I have a text which I split into a list of unique words using set. I also have split the text into a list of sentences. I then split that list of sentences into a list of lists (of the words in each sentence / maybe I don’t need to do the last part)
text = 'i was hungry. i got food. now i am not hungry i am full'
sents = ['i was hungry', 'i got food', 'now i am', 'not hungry i am full']
words = ['i', 'was', 'hungry', 'got', 'food', 'now', 'not', 'am', 'full']
split_sents = [['i', 'was', 'hungry'], ['i', 'got', 'food'], ['now', 'i', 'am', 'not','hungry','i','am','full']]

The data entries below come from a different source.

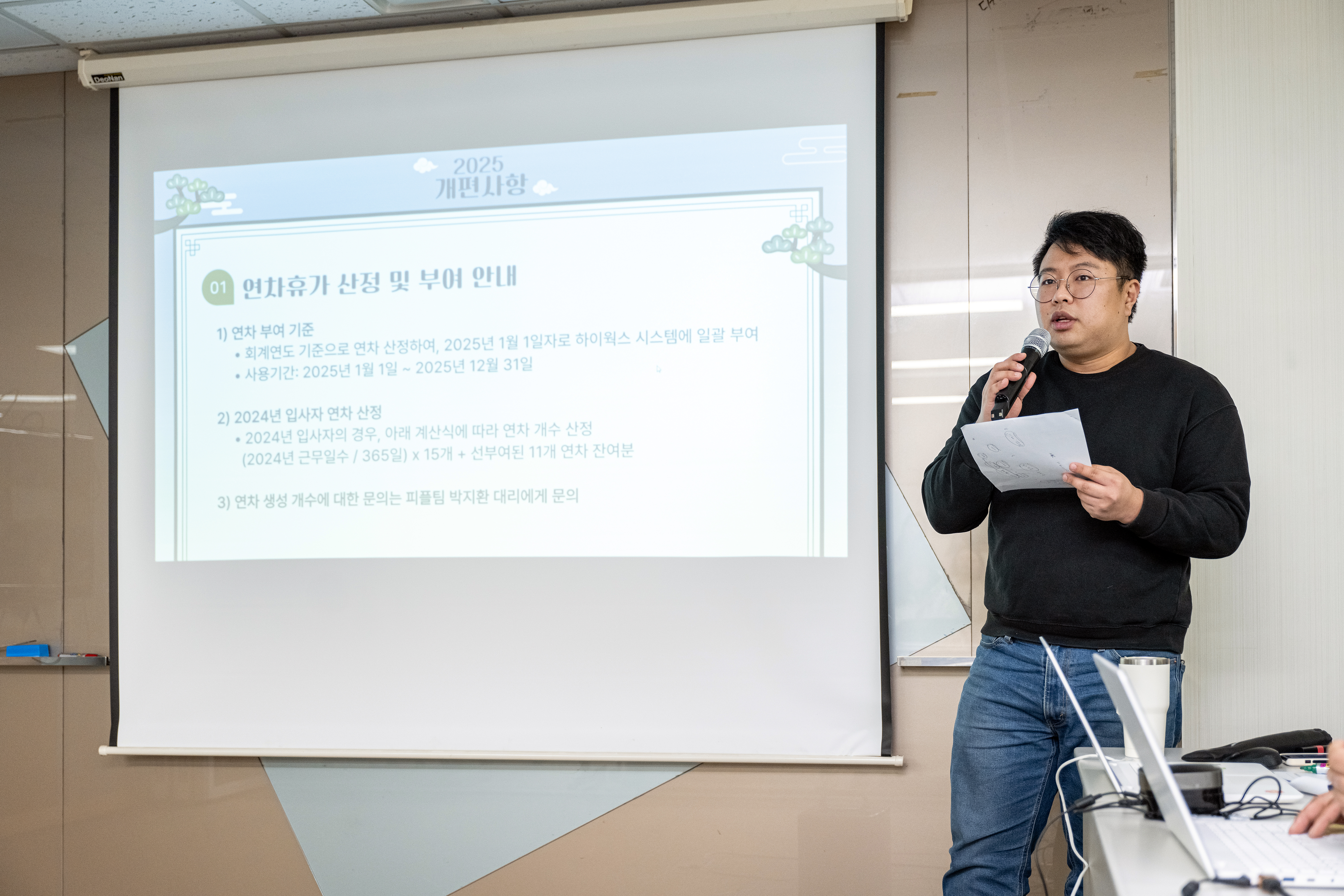 조재형 대표님의 신년사 이후, 2025년 개편사항에 대한 안내가 진행되었습니다.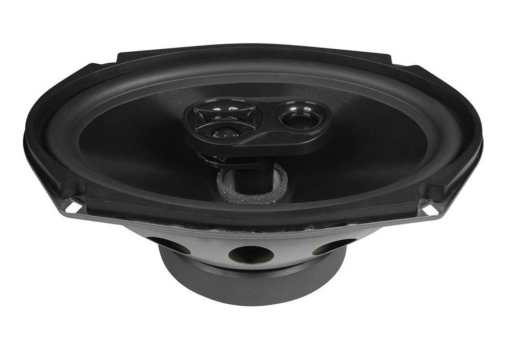 | Typ reproduktorůKoaxiální reproduktory: Koaxiální reproduktory se vyznačují konstrukcí tzv. vše v jednom. Výškový a středobasový reproduktor jsou v jednom koši. Výhodou je jednodušší montáž, ale díky spojení resp. blízkosti pásem v jednom reproduktoru, se obvykle sníží kvalita zvuku. Zpravidla uprostřed středobasového reproduktoru, je výškový reproduktor, jehož kmitací cívka pracuje ve druhé vzduchové mezeře společného magnatického obvodu. Třípásmový koaxiální reproduktor se skládá ze středobasového reproduktoru, ve předu na zvláštním nosníku je středový reproduktor a samostatný výškový. Komponentní reproduktory: Komponentní reproduktory se vyznačují rozdělením na jednotlivá frekvenční pásma, výškové + středobasové + popř. basové pásmo. Jednotlivé reproduktory se dají umístit zcela odděleně, což má za výsledek lepší zvukový i akustický projev. V drtivé většině případů komponentních reproduktorů je dodávaná i externí výhybka, která rozděluje výškové, středové / středobasové a u třípásma i basové pásmo popř. umožňuje nastavení decibelové úrovně u výškového reproduktoru (např. +2 dB, 0 dB, -2 dB), strmosti (např. 6dB/Okt. 12dB/Okt.) či aktivní nebo bi-amp zapojení. | Triaxiální |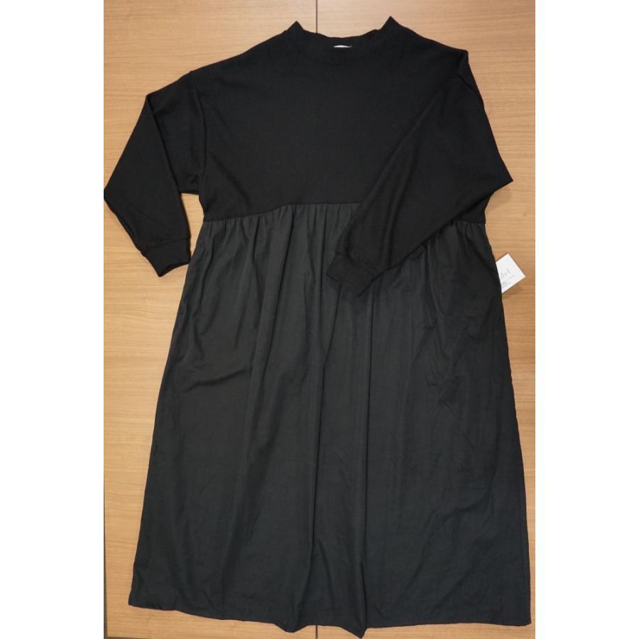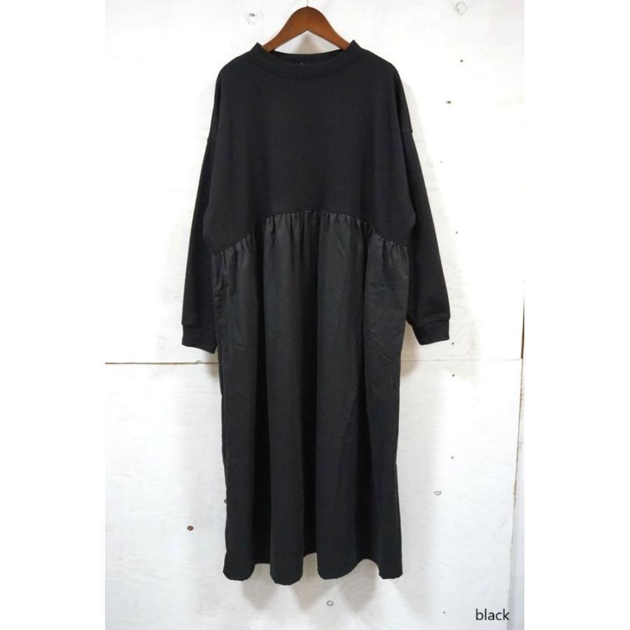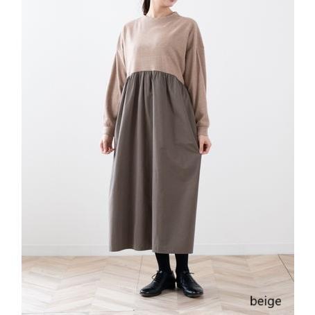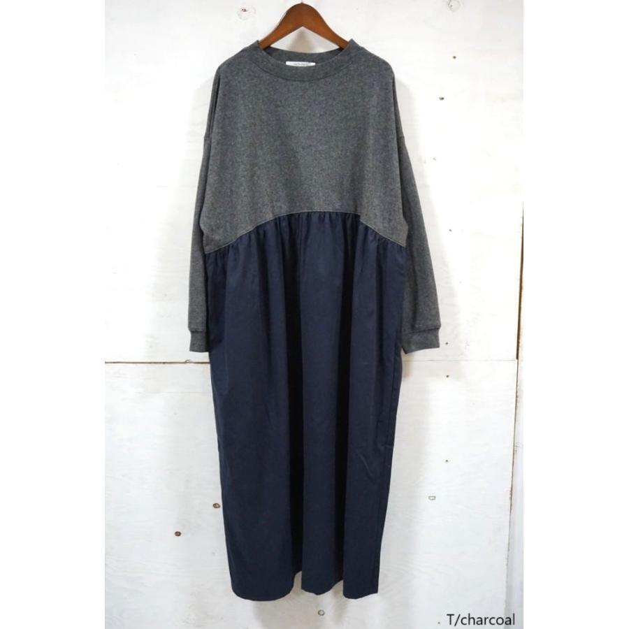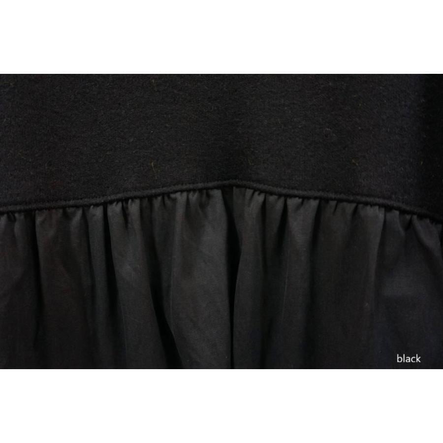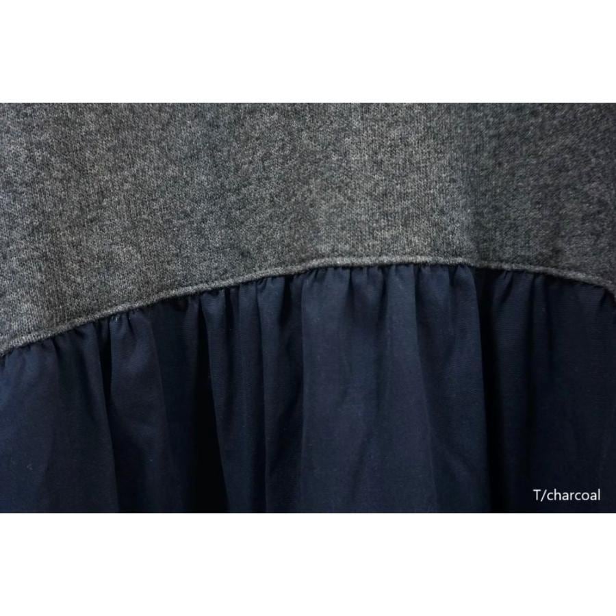 ウエスト切替から下は微起毛加工を施した布帛生地使用。ウエスト下に細かいギャザーを寄せたフレアーシルエット。

I want to write a loop or a list comprehension that makes a dictionary where each word in words is a key and if the word appears in a sentence each sentence is captured as a list value so I can then get some statistics like the count of sentences but also the average length of the sentences for each word…so far I have the following but it’s not right.
word_freq = {}
for sent in split_sents:
for word in words:
if word in sent:
word_freq[word] += sent
else:
word_freq[word] = sent
it returns a dictionary of word keys and empty values. Ideally, I’d like to do it without collections/counter though any solution is appriciated. I’m sure this question has been asked before but I couldn’t find the right solution so feel free to link and close if you link to a solution.
Advertisement
Answer
Here is an approach using list and dictionary comprehension
Code:
text = 'i was hungry. i got food. now i am not hungry i am full'
sents = ['i was hungry', 'i got food', 'now i am', 'not hungry i am full']
words = ['i', 'was', 'hungry', 'got', 'food', 'now', 'not', 'am', 'full']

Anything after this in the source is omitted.